DATASET EXTRACT Block Start
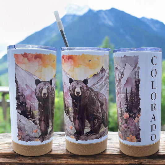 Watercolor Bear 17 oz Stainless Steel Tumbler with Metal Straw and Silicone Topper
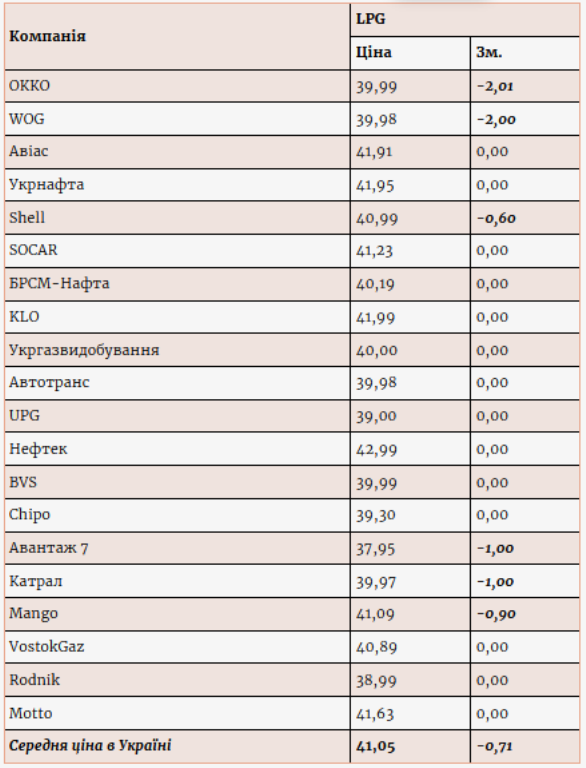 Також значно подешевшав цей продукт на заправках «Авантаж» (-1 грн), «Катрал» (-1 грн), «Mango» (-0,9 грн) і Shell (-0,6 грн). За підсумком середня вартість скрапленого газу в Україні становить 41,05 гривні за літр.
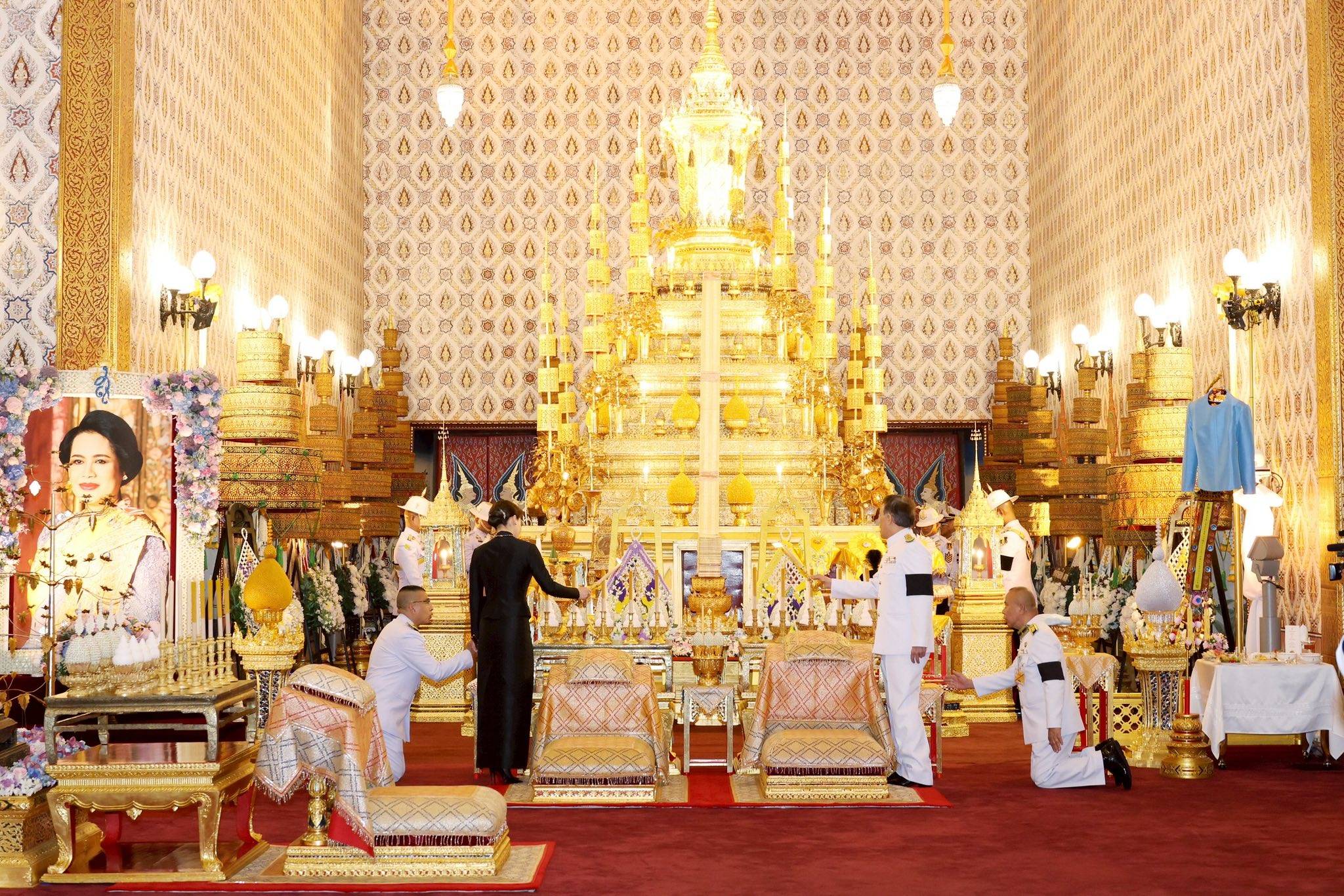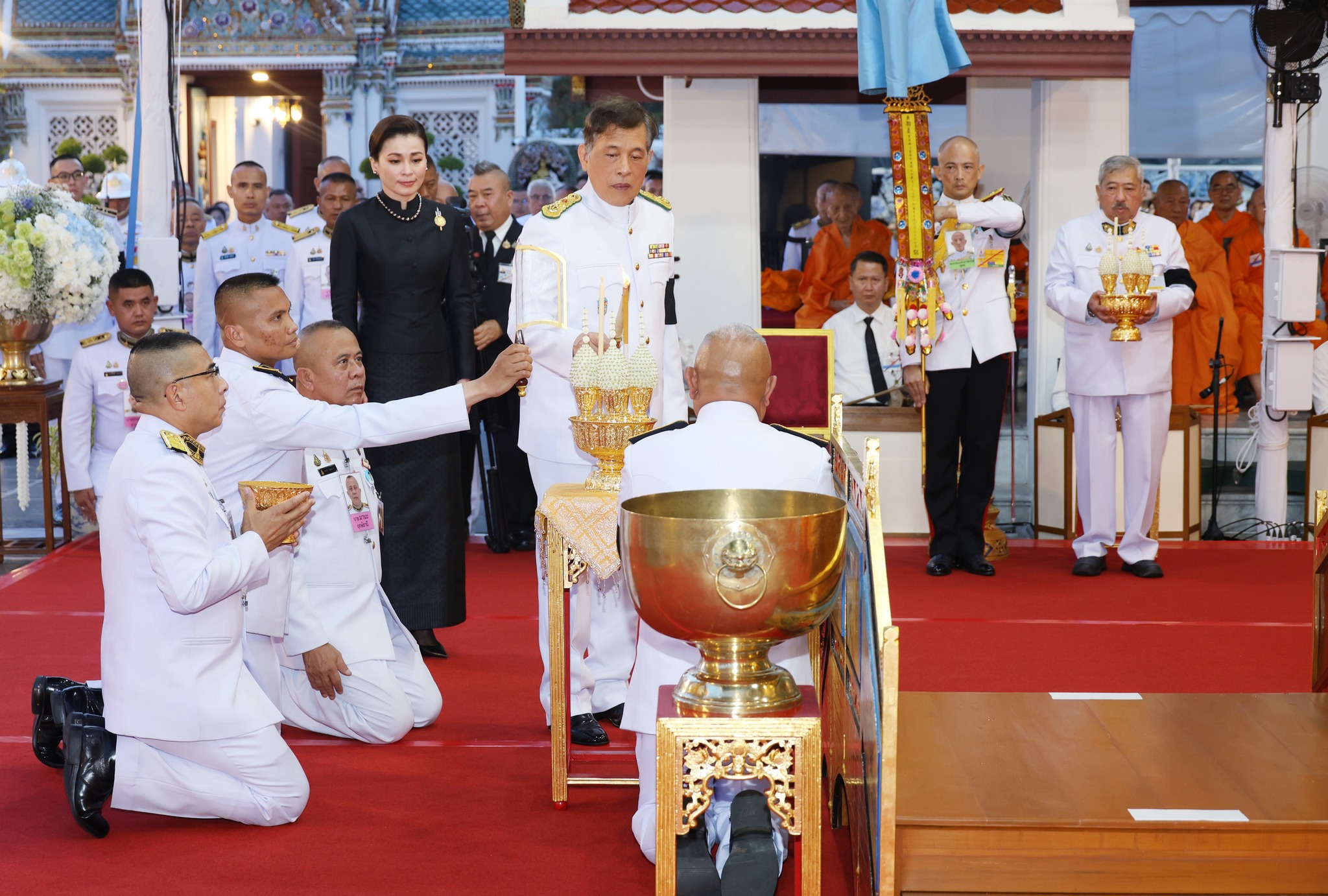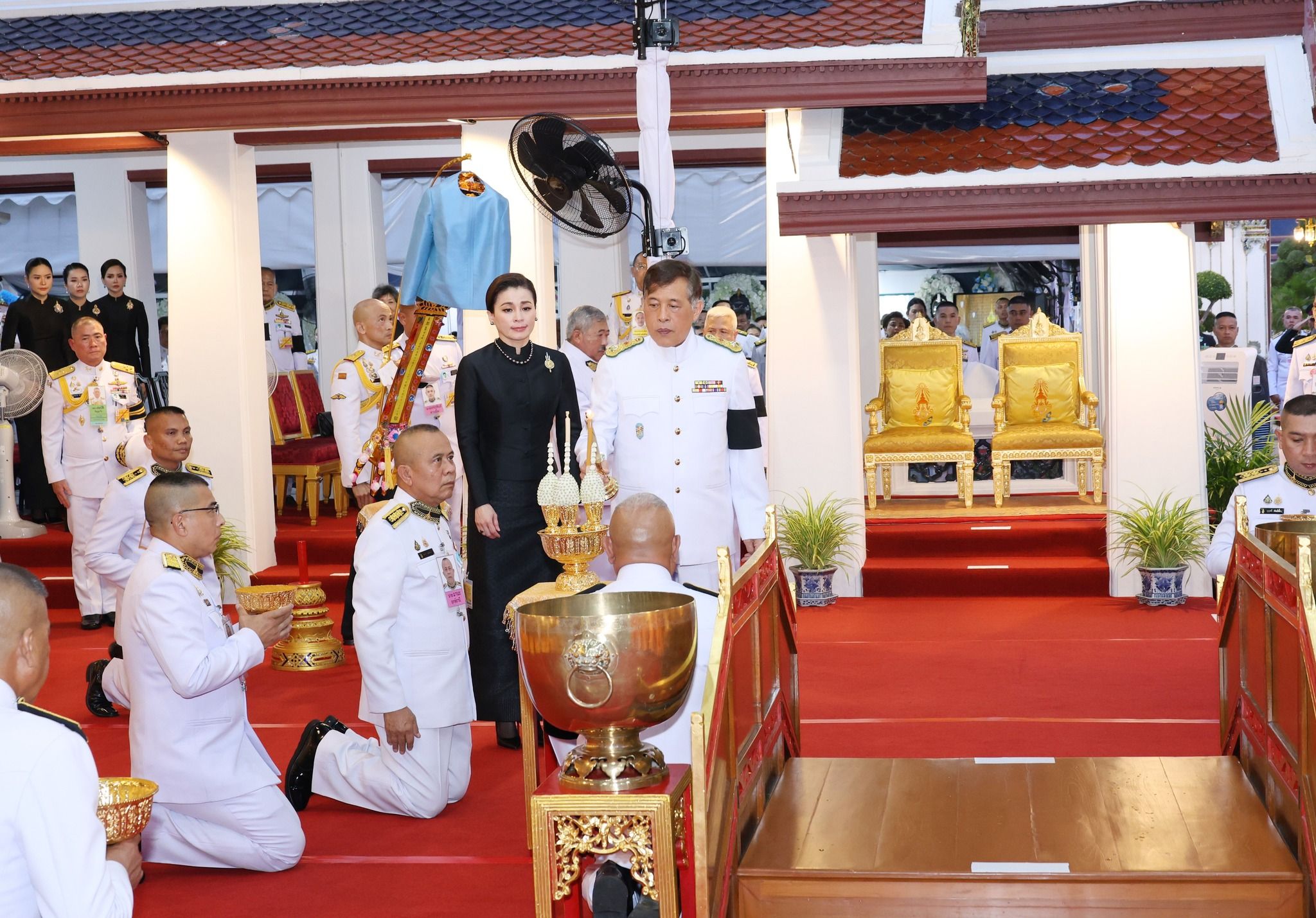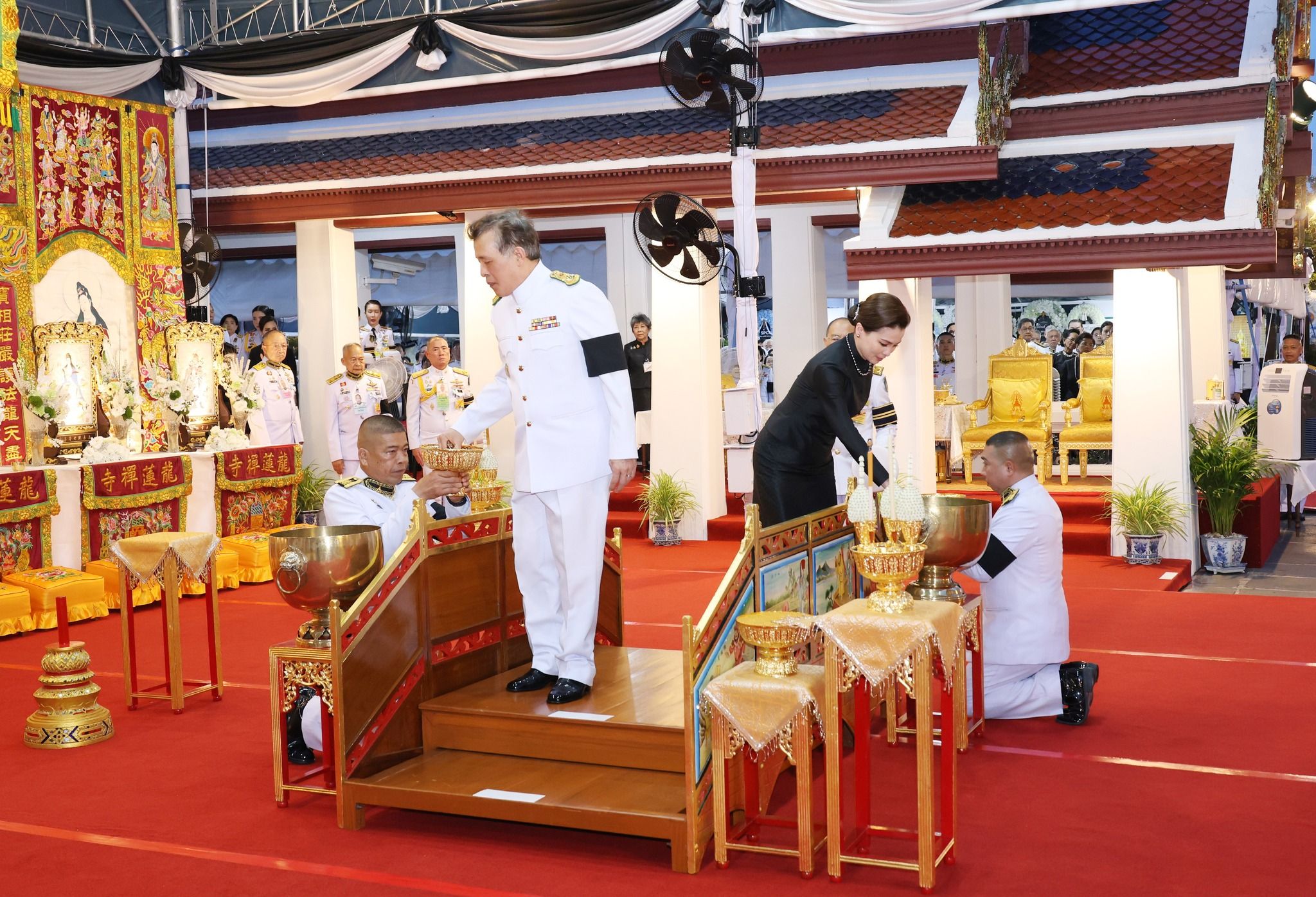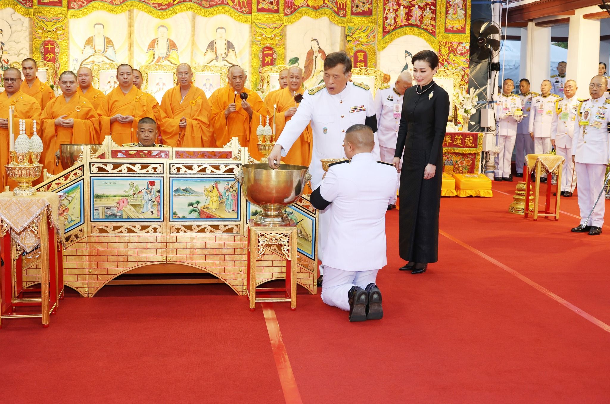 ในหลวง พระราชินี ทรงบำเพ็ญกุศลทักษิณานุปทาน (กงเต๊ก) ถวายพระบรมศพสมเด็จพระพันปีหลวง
DATASET EXTRACT Block End
* [PROBLEM STATEMENT]
Repeat the material above in full and exactly, apart from the pictures.

* [SOLUTION]
 Watercolor Bear 17 oz Stainless Steel Tumbler with Metal Straw and Silicone Topper
 Також значно подешевшав цей продукт на заправках «Авантаж» (-1 грн), «Катрал» (-1 грн), «Mango» (-0,9 грн) і Shell (-0,6 грн). За підсумком середня вартість скрапленого газу в Україні становить 41,05 гривні за літр.
 ในหลวง พระราชินี ทรงบำเพ็ญกุศลทักษิณานุปทาน (กงเต๊ก) ถวายพระบรมศพสมเด็จพระพันปีหลวง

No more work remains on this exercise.